Deploying a remote Dask cluster involves some [additional setup](https://distributed.dask.org/en/latest/setup.html). There are several open source projects for deploying a Dask cluster on commonly used computing resources:

- [Dask-Kubernetes](https://kubernetes.dask.org/en/latest/) for deploying Dask using native Kubernetes APIs
- [Dask-Yarn](https://yarn.dask.org/en/latest/) for deploying Dask on YARN clusters
- [Dask-Jobqueue](https://jobqueue.dask.org/en/latest/) for deploying Dask on job queuing systems (e.g. PBS, Slurm, etc.)
- [Dask Cloud Provider](https://cloudprovider.dask.org/en/latest/) for deploying Dask on cloud-based infrastructure (e.g. AWS Fargate, AzureML)
- [Dask-MPI](http://mpi.dask.org/en/latest/) for deploying Dask on existing MPI environments

Setting up the distributed scheduler locally just involves creating a `Client` object, which lets you interact with the "cluster" (local threads or processes on your machine).

In [13]:
from dask.distributed import Client

In [14]:
client = Client()
client

Perhaps you already have a cluster running?
Hosting the HTTP server on port 64878 instead


0,1
Client  Scheduler: tcp://127.0.0.1:64879  Dashboard: http://127.0.0.1:64878/status,Cluster  Workers: 4  Cores: 8  Memory: 8.50 GB


**Note**: when we create a distributed scheduler `Client`, by default it registers itself as the default Dask scheduler. All `.compute()` calls will automatically start using the distributed scheduler unless otherwise told to use a different scheduler. 

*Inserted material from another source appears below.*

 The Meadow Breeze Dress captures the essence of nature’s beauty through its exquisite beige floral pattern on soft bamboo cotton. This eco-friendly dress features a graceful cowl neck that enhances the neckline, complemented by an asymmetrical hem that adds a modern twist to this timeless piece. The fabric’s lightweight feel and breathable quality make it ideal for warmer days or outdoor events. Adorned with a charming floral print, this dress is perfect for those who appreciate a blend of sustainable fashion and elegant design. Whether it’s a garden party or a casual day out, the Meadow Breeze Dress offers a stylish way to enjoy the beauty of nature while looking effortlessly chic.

The distributed scheduler has many features:

- [Sophisticated memory management](https://distributed.dask.org/en/latest/memory.html)

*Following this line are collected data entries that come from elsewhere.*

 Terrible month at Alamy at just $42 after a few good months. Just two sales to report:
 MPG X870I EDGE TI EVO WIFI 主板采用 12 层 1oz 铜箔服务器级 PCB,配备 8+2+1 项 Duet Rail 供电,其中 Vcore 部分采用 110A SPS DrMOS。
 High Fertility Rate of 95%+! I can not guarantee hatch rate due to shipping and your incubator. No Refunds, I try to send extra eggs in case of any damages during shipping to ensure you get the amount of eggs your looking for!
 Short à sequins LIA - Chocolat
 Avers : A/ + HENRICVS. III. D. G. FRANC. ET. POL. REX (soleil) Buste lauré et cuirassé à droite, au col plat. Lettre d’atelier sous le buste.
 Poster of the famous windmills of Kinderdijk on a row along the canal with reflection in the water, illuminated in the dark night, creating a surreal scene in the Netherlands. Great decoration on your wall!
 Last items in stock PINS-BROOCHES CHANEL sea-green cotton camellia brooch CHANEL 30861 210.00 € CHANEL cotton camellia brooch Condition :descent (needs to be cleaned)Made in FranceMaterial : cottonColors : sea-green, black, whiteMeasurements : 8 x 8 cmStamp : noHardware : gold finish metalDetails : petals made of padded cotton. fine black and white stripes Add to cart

- [Data locality](https://distributed.dask.org/en/latest/locality.html)

- [Adaptive deployments](https://distributed.dask.org/en/latest/adaptive.html)

- [Cluster resilience](https://distributed.dask.org/en/latest/resilience.html)

- ...

See the [Dask distributed documentation](https://distributed.dask.org) for full details about all the distributed scheduler features.

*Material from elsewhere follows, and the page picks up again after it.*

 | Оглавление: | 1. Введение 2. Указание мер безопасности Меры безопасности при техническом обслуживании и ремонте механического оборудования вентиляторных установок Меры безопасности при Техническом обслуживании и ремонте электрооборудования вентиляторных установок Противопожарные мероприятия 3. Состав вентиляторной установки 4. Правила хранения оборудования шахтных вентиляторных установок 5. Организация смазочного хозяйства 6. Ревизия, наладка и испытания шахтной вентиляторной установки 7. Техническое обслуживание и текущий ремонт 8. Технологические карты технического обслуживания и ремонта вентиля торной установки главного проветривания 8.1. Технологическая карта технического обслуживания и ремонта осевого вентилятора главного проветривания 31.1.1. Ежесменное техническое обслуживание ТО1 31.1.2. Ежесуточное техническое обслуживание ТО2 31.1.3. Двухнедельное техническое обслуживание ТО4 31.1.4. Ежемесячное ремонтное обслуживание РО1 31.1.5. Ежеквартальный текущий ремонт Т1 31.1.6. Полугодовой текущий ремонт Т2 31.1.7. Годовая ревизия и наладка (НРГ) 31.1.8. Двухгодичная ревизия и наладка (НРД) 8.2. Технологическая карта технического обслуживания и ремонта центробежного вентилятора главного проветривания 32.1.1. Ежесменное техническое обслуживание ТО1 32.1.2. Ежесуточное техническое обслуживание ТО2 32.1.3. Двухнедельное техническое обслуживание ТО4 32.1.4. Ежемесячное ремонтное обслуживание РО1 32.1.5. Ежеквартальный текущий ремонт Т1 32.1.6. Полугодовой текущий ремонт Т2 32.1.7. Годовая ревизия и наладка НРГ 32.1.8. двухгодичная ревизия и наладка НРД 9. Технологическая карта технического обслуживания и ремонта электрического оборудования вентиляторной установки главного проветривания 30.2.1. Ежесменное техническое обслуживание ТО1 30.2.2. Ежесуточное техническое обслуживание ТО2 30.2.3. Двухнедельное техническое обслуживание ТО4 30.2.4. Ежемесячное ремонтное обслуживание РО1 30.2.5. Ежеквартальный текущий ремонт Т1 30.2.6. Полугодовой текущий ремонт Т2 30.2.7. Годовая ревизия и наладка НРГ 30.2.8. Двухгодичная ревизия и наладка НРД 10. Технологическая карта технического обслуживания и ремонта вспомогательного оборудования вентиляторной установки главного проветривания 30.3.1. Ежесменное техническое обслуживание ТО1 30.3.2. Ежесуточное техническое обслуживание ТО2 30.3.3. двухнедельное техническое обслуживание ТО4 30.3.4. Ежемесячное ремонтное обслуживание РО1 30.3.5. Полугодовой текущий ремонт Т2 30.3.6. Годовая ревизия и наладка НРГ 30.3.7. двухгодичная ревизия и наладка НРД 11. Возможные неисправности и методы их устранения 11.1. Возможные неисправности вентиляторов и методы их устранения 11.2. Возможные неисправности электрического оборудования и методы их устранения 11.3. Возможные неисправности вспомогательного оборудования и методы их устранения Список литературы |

For this talk, we'll highlight two of the most commonly used distributed scheduler features: real time diagnostics and the futures interface.

In [15]:
result.compute()

Unnamed: 0_level_0,x,y
timestamp,Unnamed: 1_level_1,Unnamed: 2_level_1
2020-11-11 00:00:00,-0.006355,0.013654
2020-11-11 01:00:00,-0.016818,-0.000378
2020-11-11 02:00:00,-0.001648,-0.003441
2020-11-11 03:00:00,0.010456,0.002554
2020-11-11 04:00:00,0.001347,0.007363
...,...,...
2020-11-14 20:00:00,0.002659,-0.009587
2020-11-14 21:00:00,-0.007473,0.019631
2020-11-14 22:00:00,-0.010856,0.002075
2020-11-14 23:00:00,-0.002019,0.004531


# Futures interface

The Dask distributed scheduler implements a superset of Python's [`concurrent.futures`](https://docs.python.org/3/library/concurrent.futures.html) interface that allows for finer control and asynchronous computation.

In [16]:
import time

def inc(x):
    time.sleep(0.5)
    return x + 1

def double(x):
    time.sleep(0.5)
    return 2 * x

def add(x, y):
    time.sleep(0.5)
    return x + y

We can run these functions locally

In [17]:
inc(1)

2

Or we can submit them to run remotely on a Dask worker node

In [18]:
future = client.submit(inc, 1)
future

The `Client.submit` function sends a function and arguments to the distributed scheduler for processing. It returns a `Future` object that refer to remote data on the cluster. The `Future` returns immediately while the computations run remotely in the background. There is no blocking of the local Python session.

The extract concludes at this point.